- _What to do_
Below are entries; repeat exactly, and nothing else, the lines from the one holding "Let $G$ be a" through the one holding "令人动容的是,当学校老师打来", inclusive. Leave the pictures out.

- _Given data_
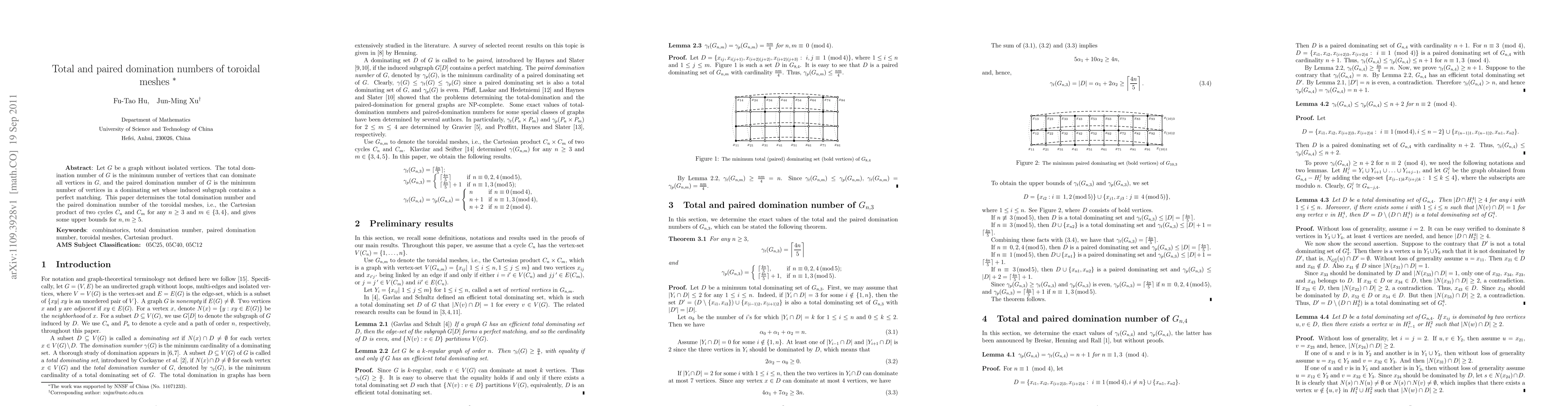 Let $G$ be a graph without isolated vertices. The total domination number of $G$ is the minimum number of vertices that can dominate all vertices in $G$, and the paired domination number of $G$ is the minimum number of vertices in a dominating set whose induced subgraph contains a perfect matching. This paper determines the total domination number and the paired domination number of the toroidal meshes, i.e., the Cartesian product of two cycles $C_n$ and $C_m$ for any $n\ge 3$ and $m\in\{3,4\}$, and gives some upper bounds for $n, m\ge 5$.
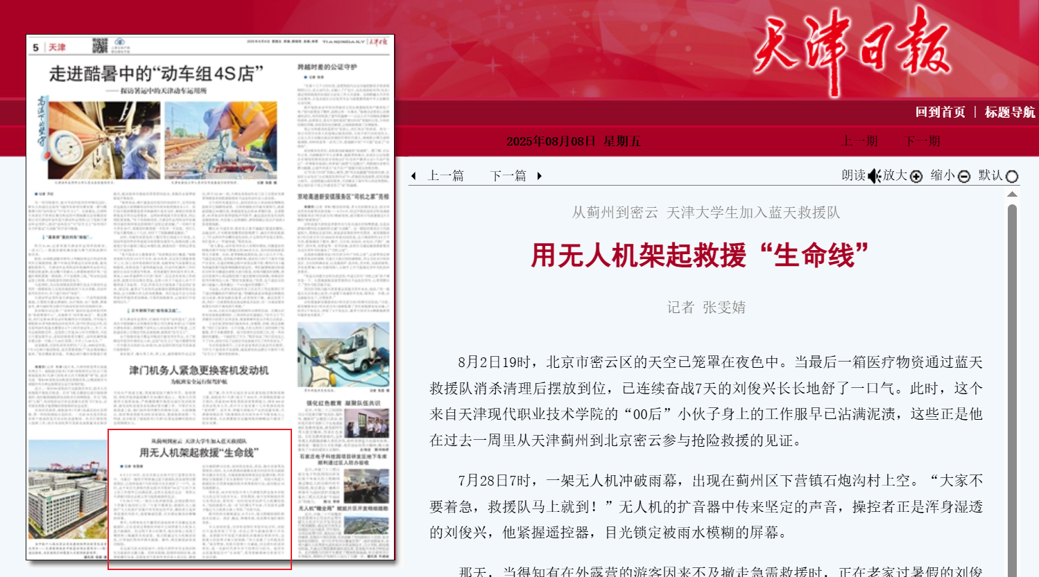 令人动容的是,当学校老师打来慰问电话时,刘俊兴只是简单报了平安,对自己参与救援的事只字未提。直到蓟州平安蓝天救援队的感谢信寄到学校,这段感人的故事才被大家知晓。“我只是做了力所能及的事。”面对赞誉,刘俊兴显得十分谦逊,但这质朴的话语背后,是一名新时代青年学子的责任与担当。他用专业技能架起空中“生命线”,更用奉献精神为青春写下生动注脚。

--

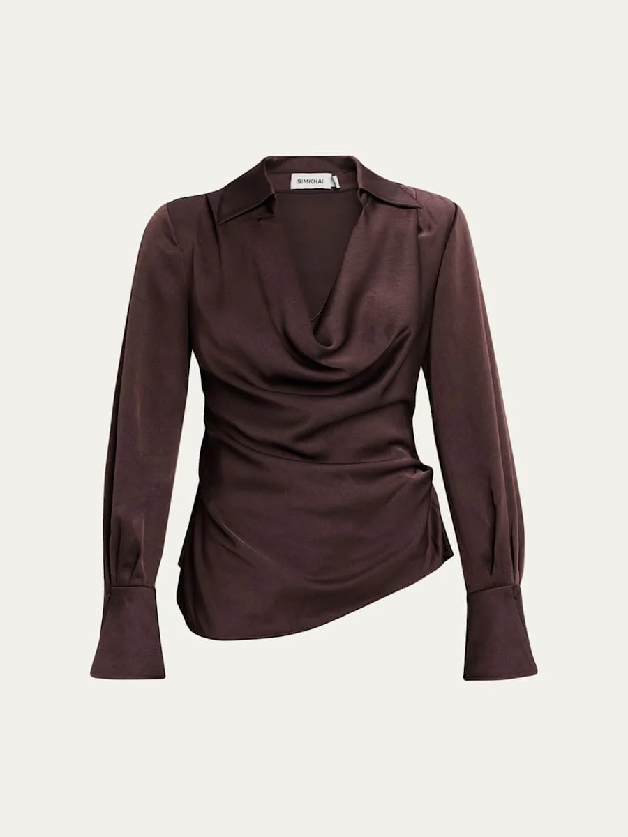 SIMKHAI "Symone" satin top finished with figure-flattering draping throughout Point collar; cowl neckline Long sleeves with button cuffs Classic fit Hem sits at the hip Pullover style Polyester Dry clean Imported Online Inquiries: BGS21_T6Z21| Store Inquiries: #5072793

- _Expected answer_
 Let $G$ be a graph without isolated vertices. The total domination number of $G$ is the minimum number of vertices that can dominate all vertices in $G$, and the paired domination number of $G$ is the minimum number of vertices in a dominating set whose induced subgraph contains a perfect matching. This paper determines the total domination number and the paired domination number of the toroidal meshes, i.e., the Cartesian product of two cycles $C_n$ and $C_m$ for any $n\ge 3$ and $m\in\{3,4\}$, and gives some upper bounds for $n, m\ge 5$.
 令人动容的是,当学校老师打来慰问电话时,刘俊兴只是简单报了平安,对自己参与救援的事只字未提。直到蓟州平安蓝天救援队的感谢信寄到学校,这段感人的故事才被大家知晓。“我只是做了力所能及的事。”面对赞誉,刘俊兴显得十分谦逊,但这质朴的话语背后,是一名新时代青年学子的责任与担当。他用专业技能架起空中“生命线”,更用奉献精神为青春写下生动注脚。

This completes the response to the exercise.